I'll post some more routines later if anyone's interested, maybe it's better not to bloat this post with too much stuff.
Cheers!

reenigne · May 22, 2014

Looks awesome so far!

If I understand correctly, for each frame you need to do:
* Modify changed tiles in first buffer
* Copy first buffer to second buffer
* Draw sprites on second buffer
* Copy second buffer to screen

Have you thought of doing hardware scrolling instead, by modifying the CGA start address registers? That gives you the ability to put your framebuffer anywhere in CGA RAM with a resolution of one character (i.e. two pixels). It's a bit more fiddly but a lot faster - I think you'd be able to get up to 60fps on a 4.77MHz 8088 with that method, and have the backgrounds as complicated as you like without any slowdown.

mangis · May 22, 2014

reenigne said:
Looks awesome so far!

If I understand correctly, for each frame you need to do:
* Modify changed tiles in first buffer
* Copy first buffer to second buffer
* Draw sprites on second buffer
* Copy second buffer to screen

Have you thought of doing hardware scrolling instead, by modifying the CGA start address registers? That gives you the ability to put your framebuffer anywhere in CGA RAM with a resolution of one character (i.e. two pixels). It's a bit more fiddly but a lot faster - I think you'd be able to get up to 60fps on a 4.77MHz 8088 with that method, and have the backgrounds as complicated as you like without any slowdown.

Thanks!

Yes, that's excactly how the buffering works currently.
I actually have a version of the engine with CGA hardware scrolling too. It was very much faster indeed, but it had some issues too:
- Just drawing the changed tile areas, there was flicker every time at the part of the screen that changed. Vertical scrolling is easy, but horizontal scrolling always ends up drawing on visible areas of the screen.
- When drawing sprites, things get more complicated. You need to copy sprite backgrounds to memory from video memory, which is considerably slower than RAM.
- Clearing previous sprites and drawing new ones will, again cause more flicker...

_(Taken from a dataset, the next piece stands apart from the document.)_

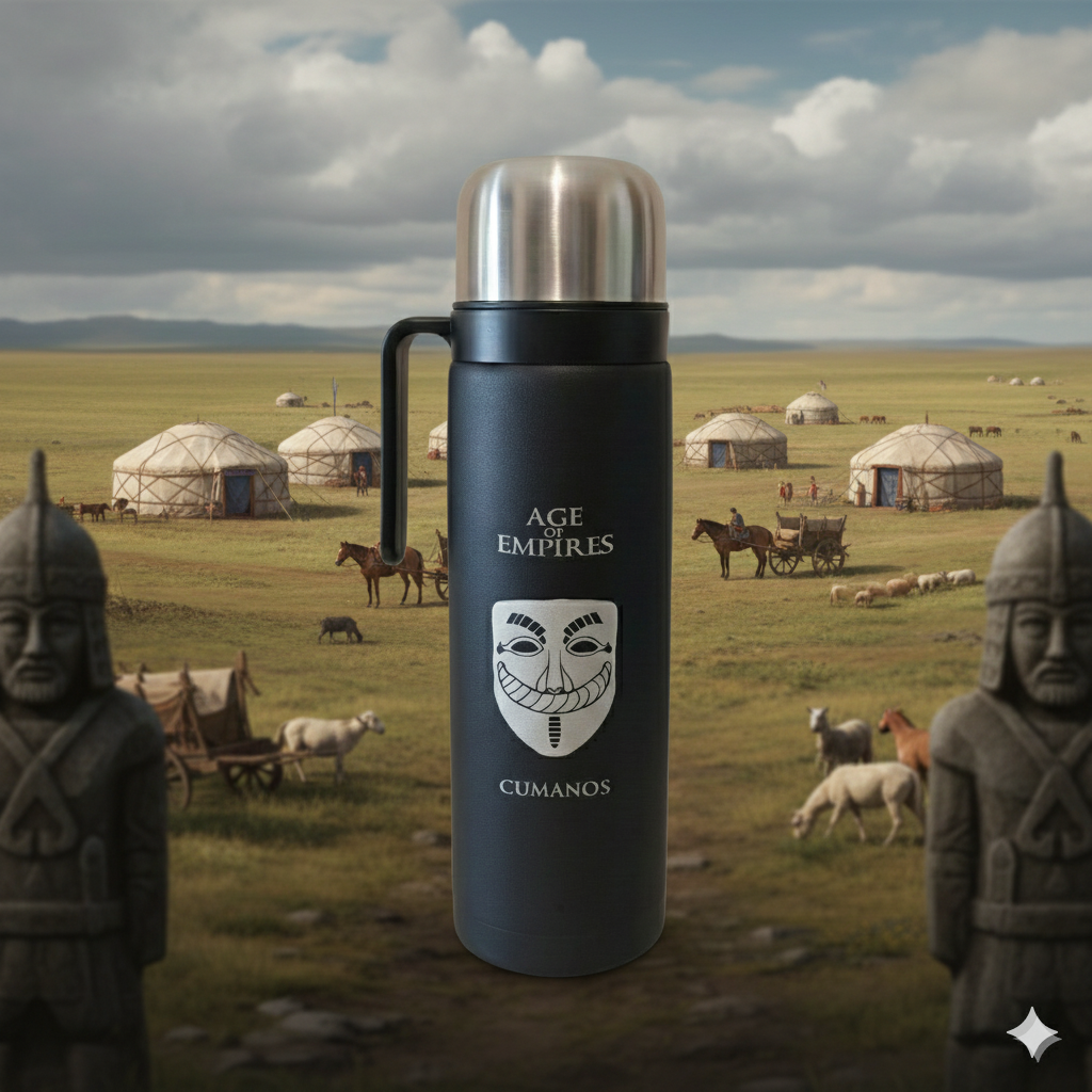 Termo de acero inoxidable de 1L grabado con el escudo de los Cumanos.
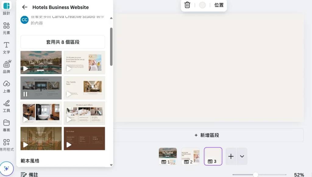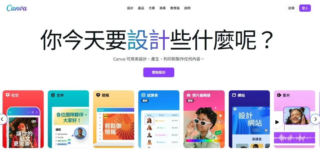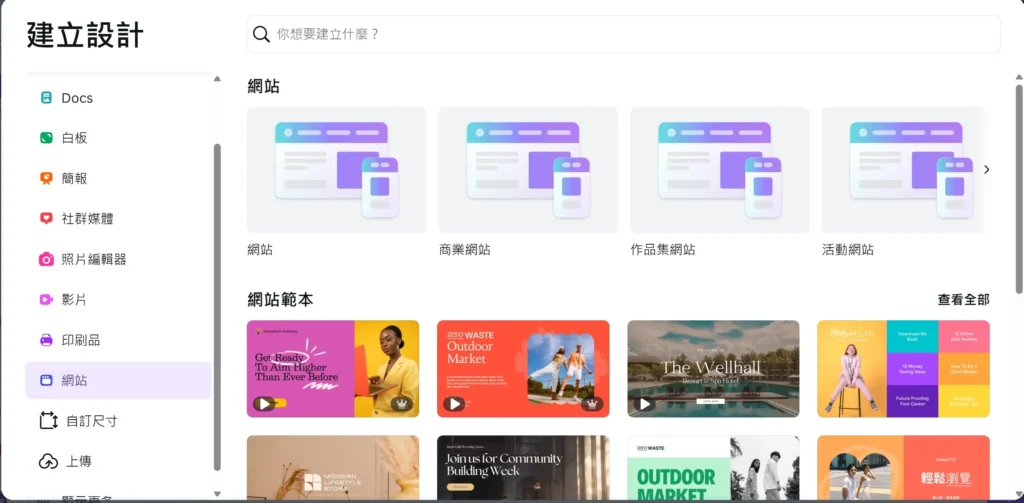 這時候,Canva 提供了一條「平民化的快速道路」:它原本就是一個簡單易用的線上設計工具,現在直接內建 網站製作功能。不需要寫任何程式碼,也不用額外安裝主機,你只要挑選一個版型、拉一拉圖片、改一改文字,幾分鐘後就能擁有一個可以公開分享的網站。

After some fighting, I made a dirty rectangle replacement of a system. That divided the screen into 64 zones, 5x6 pixels each. Sprites and tile drawing routines marked those zones for copying to screen from a 4K buffer. So the updating the screen had these stages:
* Modify changed tiles in first buffer. Flag changed zones.
* Copy all flagged zones to second buffer.
* Draw sprites to second buffer. Flag zones that the sprites occupy. (Use flag value 2 so these zones will be cleared twice, in case the sprites move)
* Copy all flagged zones from second buffer to screen.
* Decrease all zone flags if > 0.

This did work, but ended up halving the frame rate and the scrolling just looked really jittery because the CGA scroll offset ended up lagging just abit every time... Maybe it was just too complicated compared to a 2K REP MOVSW. Much of the logic was inside Qbasic, which may have slowed it even further.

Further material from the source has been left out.